後ろに向かって何やらボソボソと言っているが、何を言っているかわからない。


「もういい、私の用事はすでに終わってるし、帰るとするよ」

「そうか?気をつけろよ」


すでに終わってるって、なんの用事か全くもってわからんかったけど、きっと大したことはないのだろう。


「あっ、紫苑」

「なにさ」


歩いていく背に話しかけると、彼女は少しイラついた様子で振り返る。

僕は気の利いたことは言えないけど、まぁこれはおそらくだ。


「メイク、変えたんだろ?僕はもう少し薄い色のリップの方が好きかな」


そういうと、彼女は目を丸くして驚いていた。

急ぎ脳をフル回転させても極小単位の変化しか気づかなかったが、それだったらしい。


彼女は指で唇をなぞると、舌で少し濡らし、音を鳴らして離す。


「そう、次からは薄くしてくるよ」


そう言ってどこか喜んだ様子で紫苑は廊下の奥へと消えて行った。


「はぁ、僕以外にこんな絡み方してないだろうな」


精神的疲労をどこか感じながら、ダラダラと歩く。行きたくないという意思を全身で表しながら、それでも進学するためには仕方ないと心ではどうにか割り切っているものの、それでも意思は追いつかないため、最後の抵抗として変な体勢になりながら歩く。


「ここか」


最後の抵抗も虚しく、目的地に着いてしまった。そこまでいけば観念しないわけにもいかず、肩を落としながらも扉をゆっくりと開く。大学の講義室らしく机は階段のように高さを一段ずつずらしながら配置されているが、その中央に一枚だけのプリント。どうやら、補講者は一人だけしかおらず、その対象者は僕だ。


「……マジか」


提示された事実を脳内で受け止めながらプリントを静かに見下ろしていると、僕が来た扉からガラリと音を立てて、誰かが来たことを知らせる。

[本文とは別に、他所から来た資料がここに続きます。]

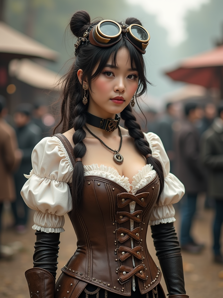 model as a steampunk adventurer, outdoors at a themed event, wearing a corset with goggles and lace gloves , surrounded by steampunk props and gears

おそらく教授だろうと身構えていたが、そこにいたのは教授でも准教授でもなく、学生だった。


「やぁ」

そこにいたのは、月見里九十九(やまなしつくも)だった。


「なんで」

思った疑問がそのまま口からまろび出てしまった。


「いや、補講を教授から任されたから」

「見りゃわかるけど、それがなんでなんだよ」


「授業をサークル活動だなんだと言ってろくに出席しないから、おそらく顔も覚えていないような教授に習うより、隣の席にいてそれなりに話している私の方が適任じゃないのかって」


成程。

不良生徒の相手はしたくないというわけか。

体よく厄介事を押し付けられたな。


「ほら座って。紫苑さんみたいに教えられないと思うけど、学年10位の私が教授のように教えてあげるよ」


角が立ちそうな話だから言うなと紫苑に言われていたが、噂好きの九十九の前にはそんなチャチな防御壁など突破されるようだ。


諦めて席へと座るが、僕はこの時点でこれがなんの科目の補講なのかそもそも知らない。

それは、次の九十九の一声で知ることとなる。


「量子力学を始めるよ」


バンッ!

すかさず投げたシャーペンの折れた音だけが周囲に虚しく鳴り響いた。